Do you know how many countries that once used the mRNA injections have now barred their use for some or most of their populations?


mRNA is broken down quickly, it never enters the nucleus, and cannot affect or combine with our DNA in any way to change our genetic code.

> Do you know how many countries that once used the mRNA injections have now barred their use for some or most of their populations?

How many, and how many still ban their use?

Of those that restricted use two years ago in 2021 pending epidemiology results on potential myocardial associations, how many did that because of fears of "gene editing"?

Our genes are not edited nor added to and the point stands - no actual high IQ person with any real world medical exposure direct or second order ever actually thought that such editing (or addition) took place.

That was strictly a social media rumour easily debunked both then and now.


It’s not a rumour, it’s just an issue of semantics you’re debating here.

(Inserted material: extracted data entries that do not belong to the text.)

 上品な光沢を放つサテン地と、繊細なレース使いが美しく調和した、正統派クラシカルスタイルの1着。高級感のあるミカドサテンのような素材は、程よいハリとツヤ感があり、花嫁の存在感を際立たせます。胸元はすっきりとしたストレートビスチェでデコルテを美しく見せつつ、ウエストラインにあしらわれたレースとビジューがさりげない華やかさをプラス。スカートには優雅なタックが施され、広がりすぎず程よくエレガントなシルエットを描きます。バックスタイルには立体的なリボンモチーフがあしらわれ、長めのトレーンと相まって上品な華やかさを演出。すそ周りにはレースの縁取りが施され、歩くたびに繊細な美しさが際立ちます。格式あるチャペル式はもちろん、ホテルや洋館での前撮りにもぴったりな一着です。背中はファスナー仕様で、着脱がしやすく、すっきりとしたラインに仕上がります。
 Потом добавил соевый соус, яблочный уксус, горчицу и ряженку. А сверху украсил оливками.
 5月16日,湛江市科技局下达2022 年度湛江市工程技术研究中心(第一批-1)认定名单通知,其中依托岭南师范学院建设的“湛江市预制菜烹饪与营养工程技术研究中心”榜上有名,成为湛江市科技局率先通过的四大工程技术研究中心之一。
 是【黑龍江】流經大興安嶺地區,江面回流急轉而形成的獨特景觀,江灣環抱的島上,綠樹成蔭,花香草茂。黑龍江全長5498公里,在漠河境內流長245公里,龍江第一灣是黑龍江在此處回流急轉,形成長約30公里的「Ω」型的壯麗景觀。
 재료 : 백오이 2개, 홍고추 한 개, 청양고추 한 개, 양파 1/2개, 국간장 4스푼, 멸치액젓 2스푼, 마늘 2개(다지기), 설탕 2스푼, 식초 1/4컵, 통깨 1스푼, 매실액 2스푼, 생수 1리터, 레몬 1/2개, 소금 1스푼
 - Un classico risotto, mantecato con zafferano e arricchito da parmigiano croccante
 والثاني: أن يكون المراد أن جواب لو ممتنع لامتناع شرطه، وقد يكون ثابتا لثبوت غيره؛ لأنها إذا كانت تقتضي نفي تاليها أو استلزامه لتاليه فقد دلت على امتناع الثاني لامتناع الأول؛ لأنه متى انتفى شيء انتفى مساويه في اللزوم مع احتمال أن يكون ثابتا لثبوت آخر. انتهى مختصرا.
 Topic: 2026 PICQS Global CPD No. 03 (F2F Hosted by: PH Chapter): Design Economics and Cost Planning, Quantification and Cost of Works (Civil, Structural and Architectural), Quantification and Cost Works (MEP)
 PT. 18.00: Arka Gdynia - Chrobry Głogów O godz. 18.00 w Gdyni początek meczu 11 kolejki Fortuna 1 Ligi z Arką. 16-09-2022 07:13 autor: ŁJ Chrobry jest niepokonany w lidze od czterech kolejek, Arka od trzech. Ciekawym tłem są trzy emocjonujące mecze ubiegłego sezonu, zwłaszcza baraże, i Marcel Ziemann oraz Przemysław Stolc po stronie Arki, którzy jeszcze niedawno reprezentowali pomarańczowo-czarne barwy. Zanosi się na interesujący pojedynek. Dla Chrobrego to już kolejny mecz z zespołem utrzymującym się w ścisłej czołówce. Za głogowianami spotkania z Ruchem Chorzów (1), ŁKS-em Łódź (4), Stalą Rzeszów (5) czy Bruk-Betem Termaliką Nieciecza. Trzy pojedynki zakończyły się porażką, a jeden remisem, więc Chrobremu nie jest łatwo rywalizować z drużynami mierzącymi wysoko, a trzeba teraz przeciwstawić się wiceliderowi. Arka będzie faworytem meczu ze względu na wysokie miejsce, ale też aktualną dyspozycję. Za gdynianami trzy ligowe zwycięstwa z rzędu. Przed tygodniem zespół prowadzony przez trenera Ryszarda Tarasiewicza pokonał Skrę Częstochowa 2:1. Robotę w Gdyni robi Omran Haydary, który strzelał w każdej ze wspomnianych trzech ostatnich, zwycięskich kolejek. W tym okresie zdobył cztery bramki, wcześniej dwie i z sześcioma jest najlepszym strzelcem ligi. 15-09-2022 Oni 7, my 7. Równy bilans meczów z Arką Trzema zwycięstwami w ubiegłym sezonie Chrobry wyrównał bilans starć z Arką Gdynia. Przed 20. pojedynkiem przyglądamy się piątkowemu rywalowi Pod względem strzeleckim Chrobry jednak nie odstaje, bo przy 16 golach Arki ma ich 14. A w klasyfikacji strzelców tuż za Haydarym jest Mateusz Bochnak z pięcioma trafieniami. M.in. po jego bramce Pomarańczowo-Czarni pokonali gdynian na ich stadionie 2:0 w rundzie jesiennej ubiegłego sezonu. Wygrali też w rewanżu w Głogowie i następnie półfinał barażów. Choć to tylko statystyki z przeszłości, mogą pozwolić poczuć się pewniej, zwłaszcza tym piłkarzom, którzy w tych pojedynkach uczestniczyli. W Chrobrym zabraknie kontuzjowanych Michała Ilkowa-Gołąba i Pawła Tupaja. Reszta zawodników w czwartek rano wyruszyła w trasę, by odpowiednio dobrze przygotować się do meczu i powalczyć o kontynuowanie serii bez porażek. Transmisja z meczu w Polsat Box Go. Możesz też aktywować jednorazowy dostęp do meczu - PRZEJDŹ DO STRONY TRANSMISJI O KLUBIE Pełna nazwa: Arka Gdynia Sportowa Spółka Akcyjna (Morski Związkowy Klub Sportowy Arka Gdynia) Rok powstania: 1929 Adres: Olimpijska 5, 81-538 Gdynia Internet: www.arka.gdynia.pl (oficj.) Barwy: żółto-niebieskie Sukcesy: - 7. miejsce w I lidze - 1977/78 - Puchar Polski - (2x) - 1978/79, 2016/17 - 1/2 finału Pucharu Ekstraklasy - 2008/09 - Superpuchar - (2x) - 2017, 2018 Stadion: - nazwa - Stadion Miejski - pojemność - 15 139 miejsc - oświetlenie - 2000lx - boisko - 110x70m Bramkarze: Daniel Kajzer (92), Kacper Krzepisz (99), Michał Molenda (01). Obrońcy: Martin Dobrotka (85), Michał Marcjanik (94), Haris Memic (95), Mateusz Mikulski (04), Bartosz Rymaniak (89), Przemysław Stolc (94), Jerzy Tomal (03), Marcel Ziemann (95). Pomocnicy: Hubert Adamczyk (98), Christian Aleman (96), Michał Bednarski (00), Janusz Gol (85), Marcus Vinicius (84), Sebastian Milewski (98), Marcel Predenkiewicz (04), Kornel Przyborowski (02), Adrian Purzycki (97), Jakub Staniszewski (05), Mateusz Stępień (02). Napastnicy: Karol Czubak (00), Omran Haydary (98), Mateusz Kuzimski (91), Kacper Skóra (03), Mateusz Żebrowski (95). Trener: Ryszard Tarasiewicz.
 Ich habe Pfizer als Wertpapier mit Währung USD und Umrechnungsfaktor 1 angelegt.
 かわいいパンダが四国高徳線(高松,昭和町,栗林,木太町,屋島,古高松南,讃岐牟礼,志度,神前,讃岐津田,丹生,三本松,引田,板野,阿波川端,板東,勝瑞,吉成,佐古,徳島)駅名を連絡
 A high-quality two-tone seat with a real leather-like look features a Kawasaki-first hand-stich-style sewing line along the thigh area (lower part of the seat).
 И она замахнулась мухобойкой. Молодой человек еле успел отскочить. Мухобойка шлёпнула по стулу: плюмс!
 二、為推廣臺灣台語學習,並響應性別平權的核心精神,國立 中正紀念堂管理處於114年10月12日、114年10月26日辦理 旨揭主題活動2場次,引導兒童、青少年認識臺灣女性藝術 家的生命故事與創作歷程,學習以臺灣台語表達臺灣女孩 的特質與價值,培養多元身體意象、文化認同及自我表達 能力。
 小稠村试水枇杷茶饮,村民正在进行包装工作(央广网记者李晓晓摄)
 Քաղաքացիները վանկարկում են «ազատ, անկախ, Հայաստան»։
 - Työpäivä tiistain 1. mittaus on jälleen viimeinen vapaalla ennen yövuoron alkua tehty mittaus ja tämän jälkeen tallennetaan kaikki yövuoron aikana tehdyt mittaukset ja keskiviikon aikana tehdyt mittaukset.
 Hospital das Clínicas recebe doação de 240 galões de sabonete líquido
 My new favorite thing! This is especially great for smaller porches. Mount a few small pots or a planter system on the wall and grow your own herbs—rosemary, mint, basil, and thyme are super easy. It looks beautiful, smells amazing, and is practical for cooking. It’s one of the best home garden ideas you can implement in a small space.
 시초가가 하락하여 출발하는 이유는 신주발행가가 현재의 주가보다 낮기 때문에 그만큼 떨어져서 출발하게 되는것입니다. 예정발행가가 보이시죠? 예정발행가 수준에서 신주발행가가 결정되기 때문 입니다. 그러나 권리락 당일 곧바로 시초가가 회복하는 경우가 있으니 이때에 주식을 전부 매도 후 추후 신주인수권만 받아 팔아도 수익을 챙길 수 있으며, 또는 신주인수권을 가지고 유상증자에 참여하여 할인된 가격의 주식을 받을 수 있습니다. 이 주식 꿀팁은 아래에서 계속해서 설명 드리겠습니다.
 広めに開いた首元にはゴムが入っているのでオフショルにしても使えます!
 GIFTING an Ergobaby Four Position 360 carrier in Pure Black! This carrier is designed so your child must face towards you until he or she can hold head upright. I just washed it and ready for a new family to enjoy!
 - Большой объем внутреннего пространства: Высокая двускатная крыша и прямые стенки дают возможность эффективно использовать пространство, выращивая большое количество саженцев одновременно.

I’m calling a situation where a new gene is introduced into the body by means of injection and this new gene in the overall body system causes a new behaviour in cells, “experimental gene modification.”

There’s a set of all the genes in your body, then an mRNA injection occurs, now there is a new gene added to the set of all the genes in your body at least temporarily. This new gene is added with the intent to provoke a response.

I’m not saying it alters the genes you are born with from your parents.

Call it experimental gene therapy or something like that if you like, a distinction without much difference I think.

I don’t know about in 2021, the countries I’m talking about were initially fully on board like most western countries, as far as I know. Starting with Denmark, now I think most of Northern Europe and Australia have largely restricted use owing to the “efficacy rate” having settled at somewhere between 0% and -n%. The host of negative side effects and the utter absurdity of ever having mass injected these not well understood, no long term safety data things into healthy populations in the first place.

Probably more countries than that if you have a look around.